━━━━━ Records provided ━━━━━

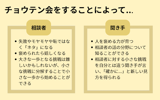- 挑戦できないことの根幹である「失敗が怖い」を払拭できる それだけではなく、右画像のような効果も得られる。相談者だけでなく聞き手にも大きなメリットがあり、win-win!チョウテン会、頂点すぎる!!!
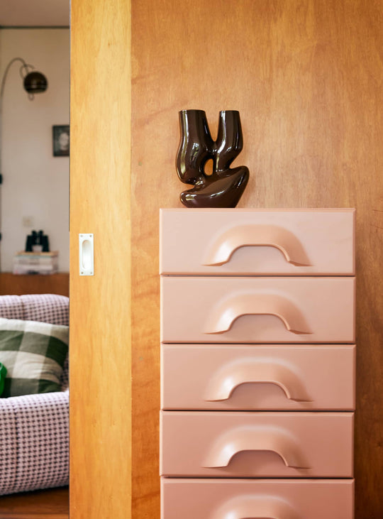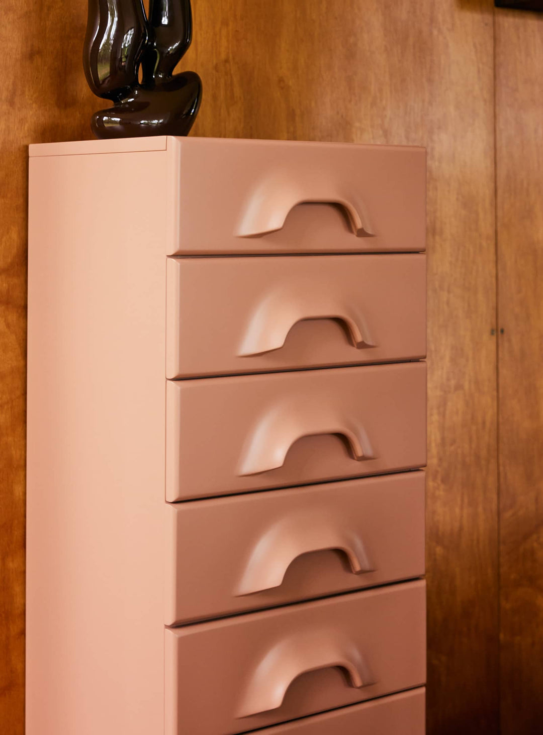 Une commode rose poudré de HKliving qui allie charme, ordre et fonctionnalité.
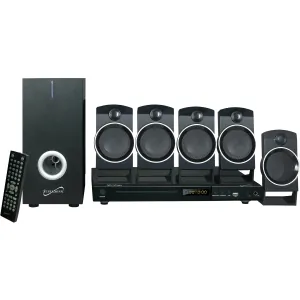 5.1 Channel DVD Home Theater System with USB Input & Karaoke Function supports DVD/CD/VCD /SVCD/MP3/ Picture CD/ CD-R/ CD-RW, Built-in USB Input, 1 Karaoke Microphone Jack, Video output CVBS/S-Video/ YPbPr, Speaker Output: 10W + 3W x 5 = 25W, Power Consumption 45W, LCD Front Display, NTSC/PAL System Compatibility, Supports Different Language Sound Tracks and Language Captions/ 32 Subtitles, Multi-Angle Viewing with Digital Zoom Support, Intelligent Firmware Upgrading, Multi-Level Fast Forward and Backward Scan, Programmed and Memory Playback, Compatible with All Disc Zone (Multi-Zone), Multi Languages OSD, Power Supply: AC 110V, 60Hz, Remote Control and AV cables included.
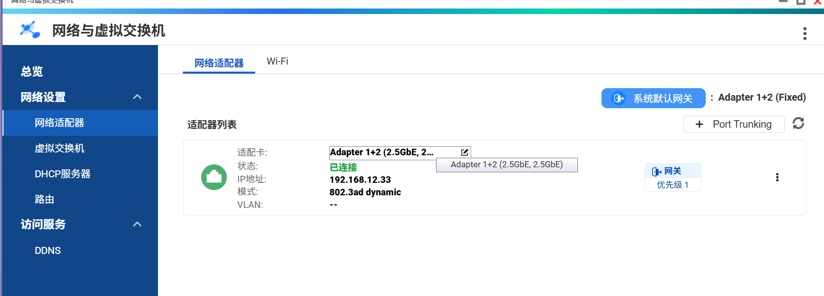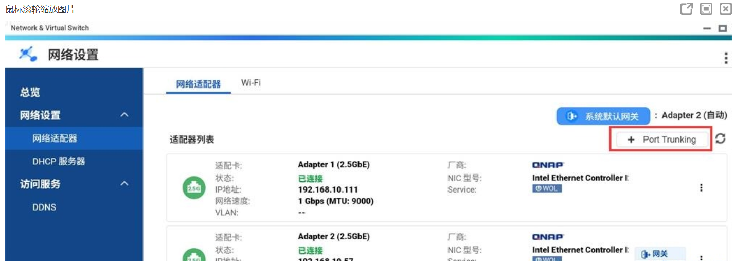 - 打开威联通控制台的"网络和文件服务 - 网络与虚拟交换机(Network&Virtual Switch)- Port Trunking - 新增 - 添加"。
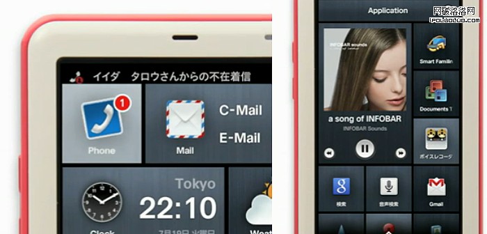 iida INFOBAR A01手機界面設計也延續這種設計思想。在手機的演示視頻中,深度定制的Android手機將首頁變成了應用模塊的拼圖。
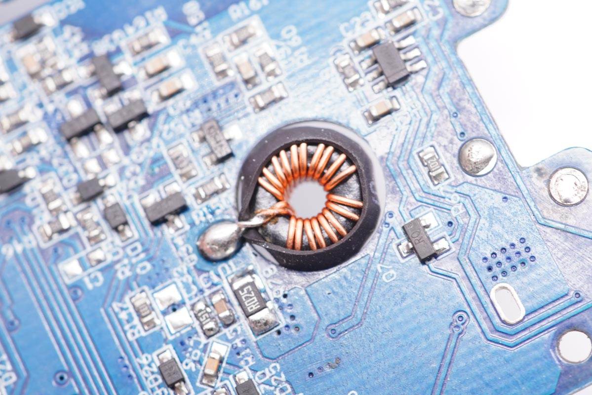 再回到主板,正面還有濾波電感、電容以及熱敏電阻。
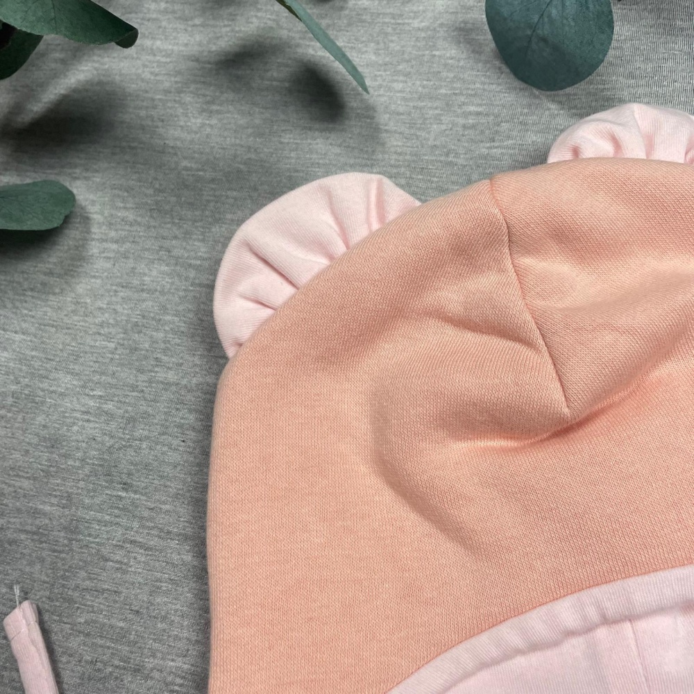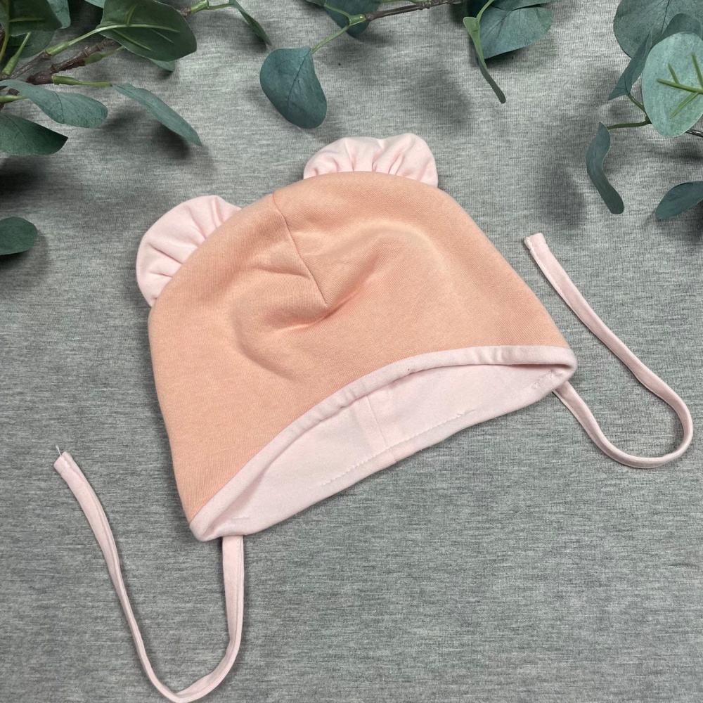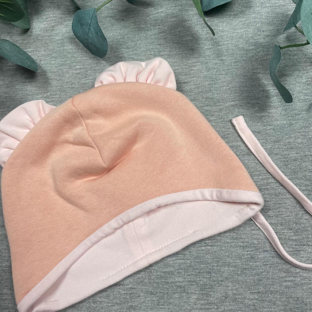 Kokvilna flīsa bērnu cepure ar kokvilnas trikotāžas oderi. Cepurīte sienama, ar volānaustiņām.
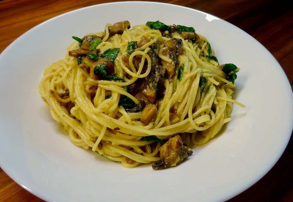 - While waiting for water to boil, slice or roughly chop your mushrooms. Add a small amount of oil to pan and heat on medium heat, then sauté mushrooms until they’re soft.
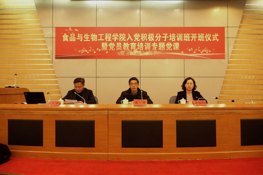 入党积极分子培训班开班仪式在会议中心第一报告厅举行。校党委组织部副部长陈伟,校党委宣传部副部长王玉忠,院党委书记万由令,学院师生党员及入党积极分子参加开班仪式。开班仪式由学院党委副书记夏大庆主持。

━━━━━

Exercise aim — Repeat the data exactly. Pictures should not appear.

Written solution —
- 挑戦できないことの根幹である「失敗が怖い」を払拭できる それだけではなく、右画像のような効果も得られる。相談者だけでなく聞き手にも大きなメリットがあり、win-win!チョウテン会、頂点すぎる!!!
 Une commode rose poudré de HKliving qui allie charme, ordre et fonctionnalité.
 5.1 Channel DVD Home Theater System with USB Input & Karaoke Function supports DVD/CD/VCD /SVCD/MP3/ Picture CD/ CD-R/ CD-RW, Built-in USB Input, 1 Karaoke Microphone Jack, Video output CVBS/S-Video/ YPbPr, Speaker Output: 10W + 3W x 5 = 25W, Power Consumption 45W, LCD Front Display, NTSC/PAL System Compatibility, Supports Different Language Sound Tracks and Language Captions/ 32 Subtitles, Multi-Angle Viewing with Digital Zoom Support, Intelligent Firmware Upgrading, Multi-Level Fast Forward and Backward Scan, Programmed and Memory Playback, Compatible with All Disc Zone (Multi-Zone), Multi Languages OSD, Power Supply: AC 110V, 60Hz, Remote Control and AV cables included.
 - 打开威联通控制台的"网络和文件服务 - 网络与虚拟交换机(Network&Virtual Switch)- Port Trunking - 新增 - 添加"。
 iida INFOBAR A01手機界面設計也延續這種設計思想。在手機的演示視頻中,深度定制的Android手機將首頁變成了應用模塊的拼圖。
 再回到主板,正面還有濾波電感、電容以及熱敏電阻。
 Kokvilna flīsa bērnu cepure ar kokvilnas trikotāžas oderi. Cepurīte sienama, ar volānaustiņām.
 - While waiting for water to boil, slice or roughly chop your mushrooms. Add a small amount of oil to pan and heat on medium heat, then sauté mushrooms until they’re soft.
 入党积极分子培训班开班仪式在会议中心第一报告厅举行。校党委组织部副部长陈伟,校党委宣传部副部长王玉忠,院党委书记万由令,学院师生党员及入党积极分子参加开班仪式。开班仪式由学院党委副书记夏大庆主持。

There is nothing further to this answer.